# LTZ Rims!!



## brian v (Dec 25, 2011)

cool ,pics when you get them mounted please . ,,,..,,,


----------



## RollinOn18s (Mar 28, 2013)

Are they legit with centre caps? How much for the set?


----------



## crauls1010 (Jan 22, 2013)

For sure! It won't be for a while, sadly  I need to save some money for tires and possibly new tire pressure monitors.. It's a work in process


----------



## crauls1010 (Jan 22, 2013)

They're legit. The person I got them from had them on for about a year. I got them for $250 for all 4


----------



## Dieselard (Jan 2, 2012)

crauls1010 said:


> They're legit. The person I got them from had them on for about a year. I got them for $250 for all 4


Thats a great deal! I paid $300 for mine and bought used TPMS sensors from ebay. There is a guy selling OEM ones for really cheap
Make sure they are not bent!


----------



## crauls1010 (Jan 22, 2013)

Dieselard said:


> Thats a great deal! I paid $300 for mine and bought used TPMS sensors from ebay. There is a guy selling OEM ones for really cheap
> Make sure they are not bent!


Thanks for the info. Do you, by any chance, have a link? Love your Cruze, by the way!


----------



## Dieselard (Jan 2, 2012)

crauls1010 said:


> Thanks for the info. Do you, by any chance, have a link? Love your Cruze, by the way!


i bought it from northendautowrecking on ebay. The car had 43 miles on it

Look around and see what you find. I believe you can use a universal sensor and a certain couple OEM sensors. It does not have to be exact science. 
I have universals in my Winter wheels and I have no problems.


----------



## Mick (Dec 31, 2011)

****!! That's a price for one wheel. Good find.

Sent from AutoGuide.com Free App


----------



## crauls1010 (Jan 22, 2013)

Mick said:


> ****!! That's a price for one wheel. Good find.
> 
> Sent from AutoGuide.com Free App


It's a great deal! I was going to buy some MSR 095's for $650, so I'm saving a lot of money! Which makes me very, very happy :happy:


----------



## danielp23 (May 14, 2013)

Hey just wondering, did you get the wheels from a guy in Riverside, CA?


----------



## crauls1010 (Jan 22, 2013)

danielp23 said:


> Hey just wondering, did you get the wheels from a guy in Riverside, CA?


No, but I saw that posting as well as this one.


----------



## babymobilcruze (Aug 17, 2012)

Fml wish I could find 4 ltz rims for $250


----------



## crauls1010 (Jan 22, 2013)

babymobilcruze said:


> Fml wish I could find 4 ltz rims for $250


Yeah lol I got lucky!
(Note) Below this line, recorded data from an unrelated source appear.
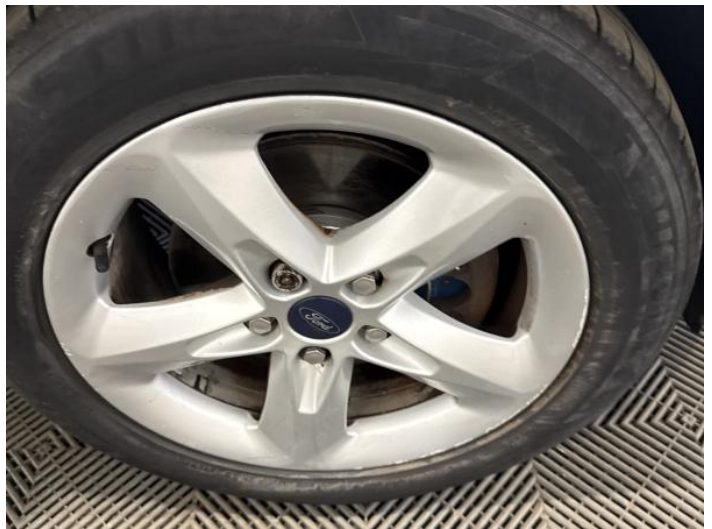
18: Wheel osf Scratched Over 50mm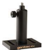
Stand with Delrin Post (Model Number: 200428)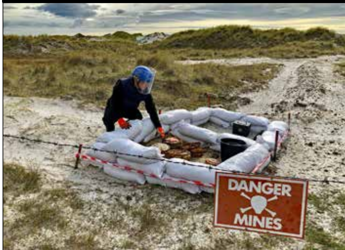
Clearance on the Falkland Islands.

The Journal invites government/nongovernment organizations, field/research practitioners, policy advisors, and technical experts working in humanitarian mine action/conventional weapons destruction to contribute their challenges, experiences, and lessons learned in the form of practice-based article submissions.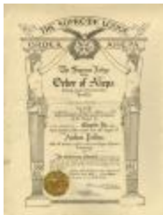
Certificate, Commemorative (2016.2.14) 1934 Economou Family Papers (NHM34)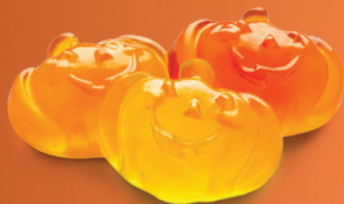
FALL GUMMI PUMPKINS (Cherry, Orange & Lemon)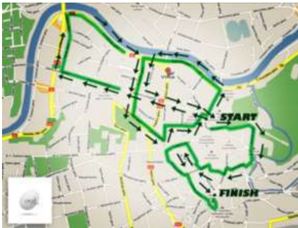
Vilnius CO 2 Green Drive route

In October 2010, the “ Vilnius CO 2 Green Drive ” event took place. This included a parade of the newest and most intriguing electric vehicles, which were equipped with colour coded GPS tracking devices, a huge virtual CO 2 sign was “painted” in Vilnius.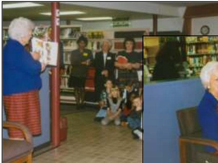
Image 4.7: Former First Lady Barbara Bush participated in a fund-raising campaign organized by the Whitehouse Community Library's librarian. Schoolchildren within the community competed with each other for the chance to listen to Mrs. Bush read several books at library. Proceeds from the competition's various fund-raising efforts were utilized to benefit several community programs.

wide variety of library patrons including young children and senior citizens. The Staff also participate in various community activities such as parades and Keep Whitehouse Beautiful. In addition to the existing summer reading program, the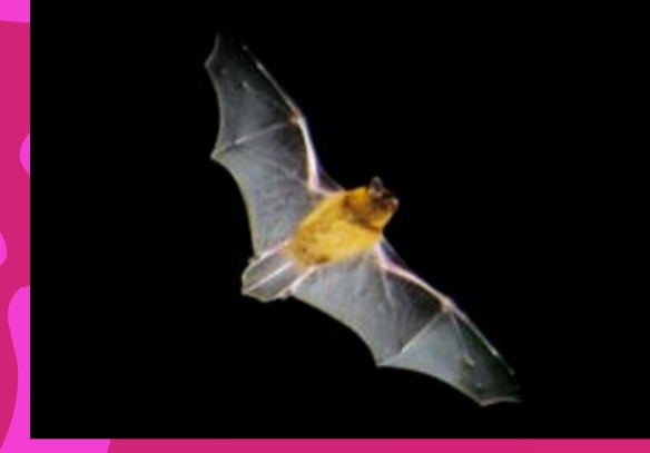
Choc wattled Bat ( Chalinolobus morio )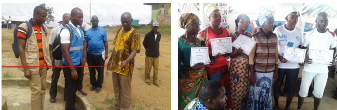
WASH handover ceremony and technicians with their certificates.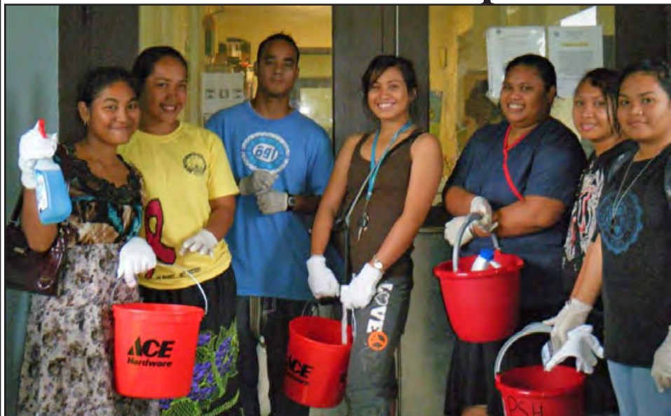
Students from COM-FSM Nursing program supported in the year-end clean up in the hospital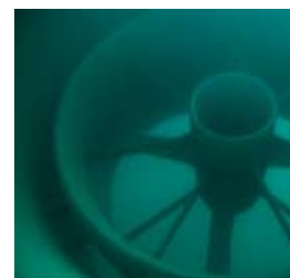
ALSTOM's technology is Clean Current.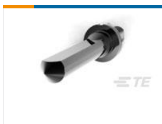
TE Part # 1-1410773-3 MULTIGIG RT BP GUIDE PIN 4.2 NI

It was worth the 80 mile drive, that's for sure!


----------



## babymobilcruze (Aug 17, 2012)

crauls1010 said:


> Yeah lol I got lucky! It was worth the 80 mile drive, that's for sure!


I have a neighbor a few doors down with a ltz. Looks like he got rear ended or back into something, its been all mangled for months every time I drive by I keep thinking about asking if he'd trade wheels if I paid for a new bumper. They have 2 cruzes its worth a shot but never see him outside or working in the garage.


----------



## crauls1010 (Jan 22, 2013)

babymobilcruze said:


> I have a neighbor a few doors down with a ltz. Looks like he got rear ended or back into something, its been all mangled for months every time I drive by I keep thinking about asking if he'd trade wheels if I paid for a new bumper. They have 2 cruzes its worth a shot but never see him outside or working in the garage.


It's worth a try!! You'll never know if you don't ask. Seems pretty reasonable to me!


----------



## 2013Cruze (Aug 4, 2012)

babymobilcruze said:


> I have a neighbor a few doors down with a ltz. Looks like he got rear ended or back into something, its been all mangled for months every time I drive by I keep thinking about asking if he'd trade wheels if I paid for a new bumper. They have 2 cruzes its worth a shot but never see him outside or working in the garage.


It's worth a shot.


----------



## 2013Cruze (Aug 4, 2012)

I personally would like a set of these rims.


----------



## crauls1010 (Jan 22, 2013)

2013Cruze said:


> I personally would like a set of these rims.


Those are sexy!!! What are they?


----------



## crauls1010 (Jan 22, 2013)

Decided to spend the money to get the rims mounted about 2 weeks before Christmas. Finally getting around to posting pics 












I'm working on getting the center cap bow ties plastidipped. Next, I'm going to plastidip the bottom part of the rear bumper!


----------



## snowvette (Oct 9, 2012)

Those wheels are the reason I had to have a LTZ. Looks great!


----------